Sindikat Mafia Tanah Melibatkan Oknum ASN Diungkap Ditreskrimum Polda Banten

Jumat 19 Feb 2021, 17:00 WIB
Direskrimum Kombes Pol Martri Sonny didampingi Kabid Humas Kombes Pol Edy Sumardi saat ekspose kasus mafia tanah. (haryono)

Direskrimum Kombes Pol Martri Sonny didampingi Kabid Humas Kombes Pol Edy Sumardi saat ekspose kasus mafia tanah. (haryono)

SERANG, POSKOTA.CO.ID - Kasus sindikat mafia tanah yang melibatkan oknum aparatur sipil negara (ASN) berhasil diungkap personil Subdit II Harda Ditreskrimum Polda Banten.

Dalam pengungkapan dugaan melakukan tindak pidana pemalsuan Akte Jual Beli (AJB), 3 orang telah ditetapkan sebagai tersangka dan salah satunya Aparatur Sipil Negara (ASN) di Kecamatan Pabuaran, Kabupaten Serang.

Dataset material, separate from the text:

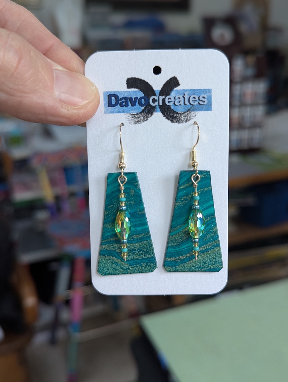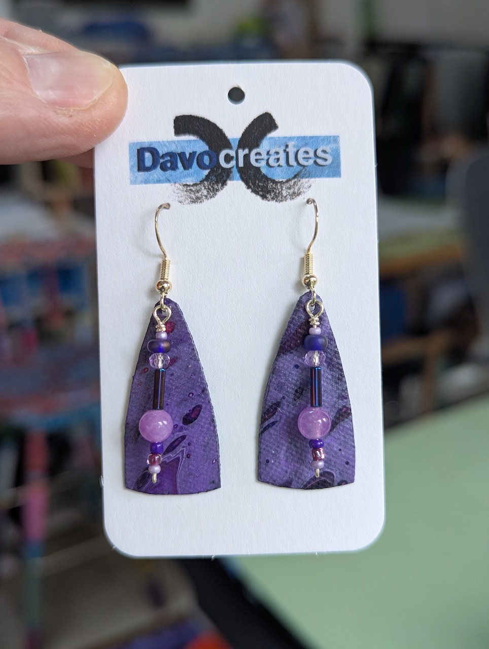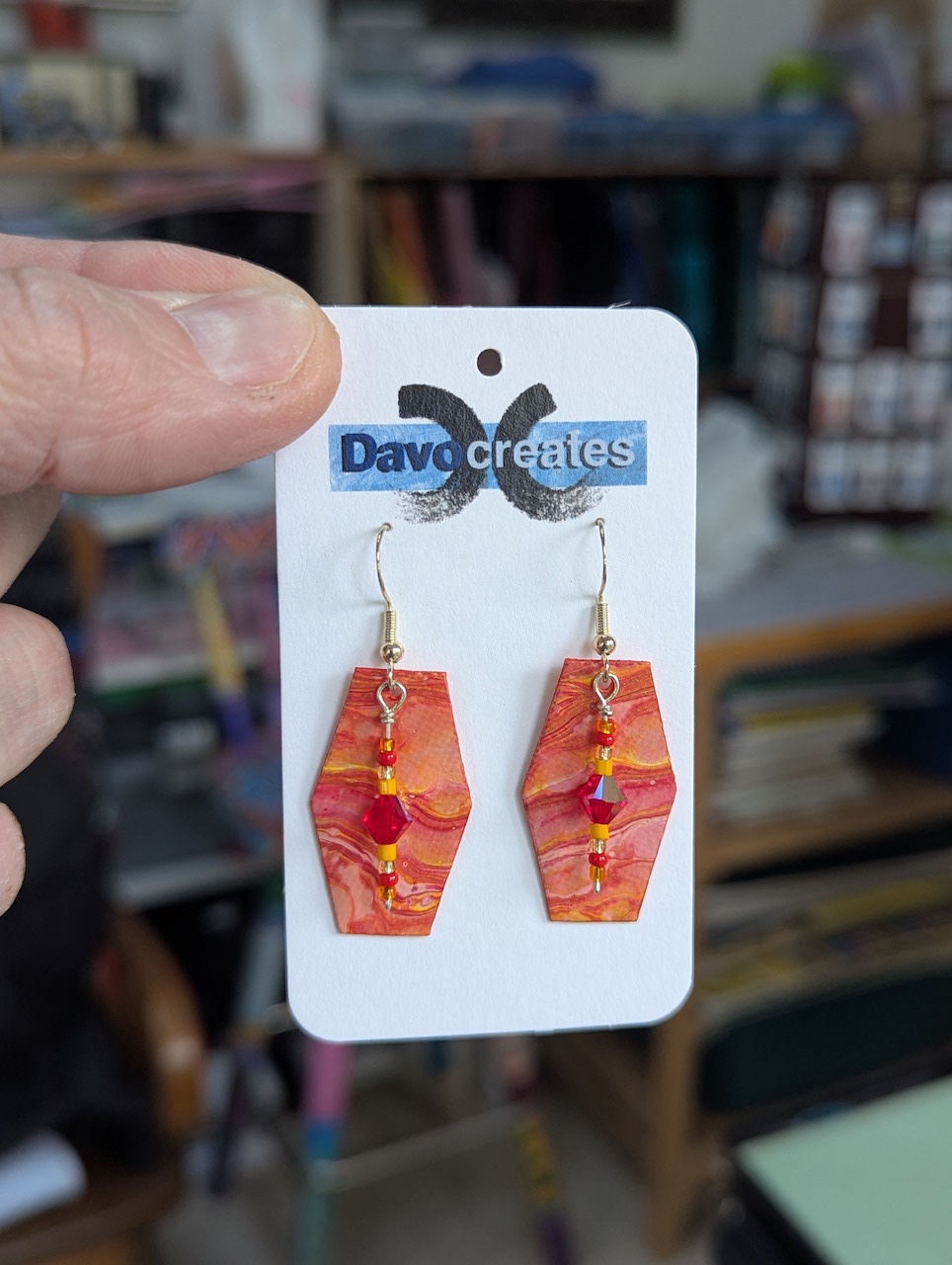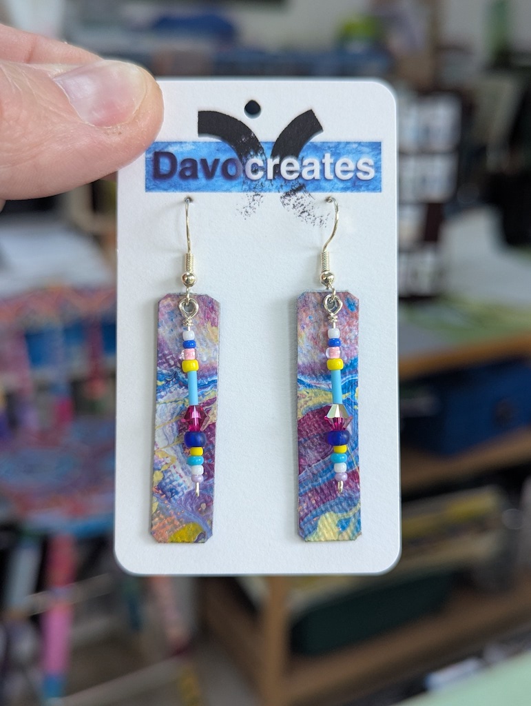 Davocreates earrings are unique being made out of my acrylic paintings. Each pair is a work of art in itself where no two are alike. They are double sided and coated for UV light and water resistance. They are mounted on .925 sterling silver for people with ear sensitivity.

Direktur Reserse Kriminal Umum (Direskrimum) Polda Banten, Kombes Pol Martri Sonny mengatakan pemalsuan AJB nomor : 231/2019 tanggal 11 Februari 2019 atas tanah seluas 2.676 meter persegi blok 001, Desa Sindangheula, Kecamatan Pabuaran, pihaknya telah menetapkan tiga orang tersangka.

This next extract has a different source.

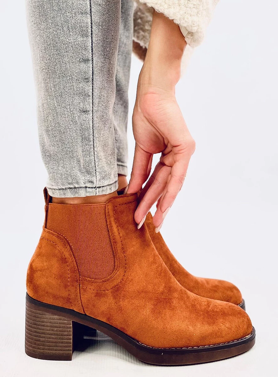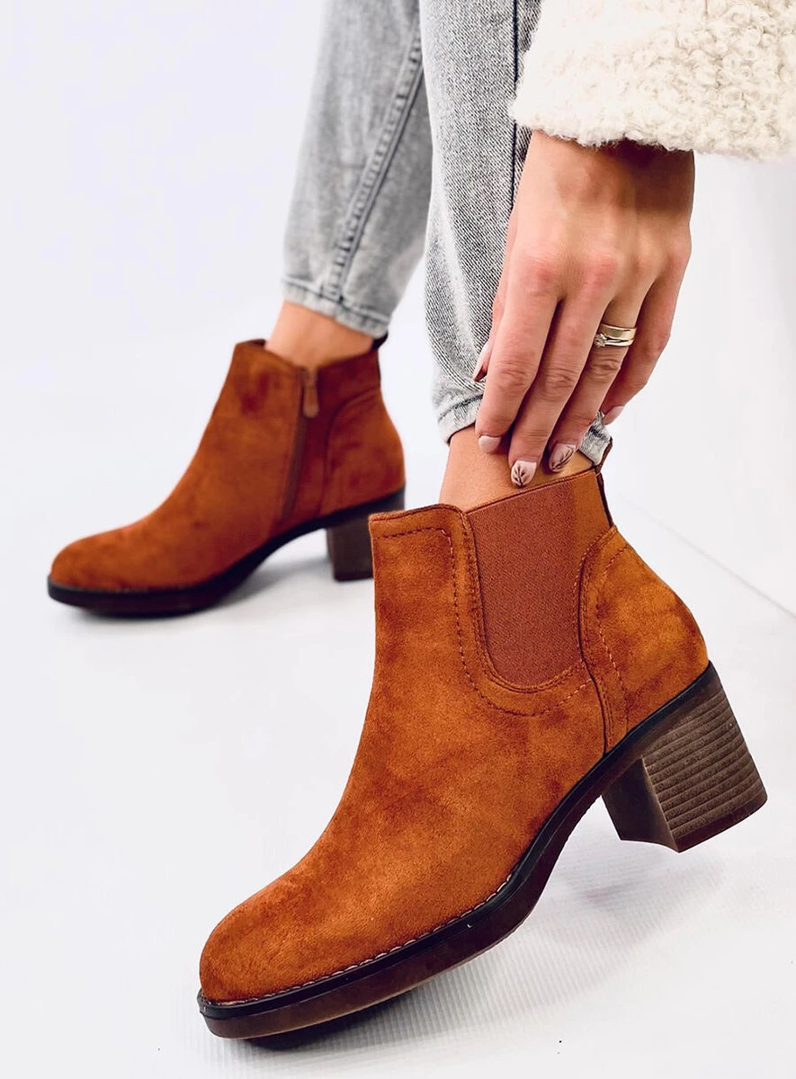 Botki damskie na szerokim obcasie o wysokości 6 cm. To klasyczny model, który doskonale sprawdzi się w każdej codziennej sytuacji : ) Wygodnym rozwiązaniem jest zapięcie na zamek błyskawiczny z boku cholewki, a ciekawym elementem jest elastyczna wstawka nawiązująca do sztybletów. Nie daj się dłużej namawiać : ) Wykonane są z zamszu ekologicznego, a wnętrze wyścielone jest delikatnym futerkiem.

"Ada tiga tersangka, inisialnya JS, 46, ASN staf Ekbang Kecamatan Pabuaran, kemudian SD, 49, pemberi blangko AJB sekaligus pembeli dan LJ, 61, yang mengaku sebagai ahli waris," kata Martri kepada wartawan saat ekpose di Mapolda Banten, Jumat (19/2/2021).

Baca juga: 15 Mafia Tanah Berbagi Tugas Palsukan SHM Milik Ibunda Dinno Patti Djalal

Martri menambahkan pengungkapan mafia tanah itu bermula dari laporan Apipah, 53, warga Kampung Kramat Palempatan, Kelurahan Sukajaya, Kecamatam Curug, Kota Serang pada 17 Juli 2020 lalu.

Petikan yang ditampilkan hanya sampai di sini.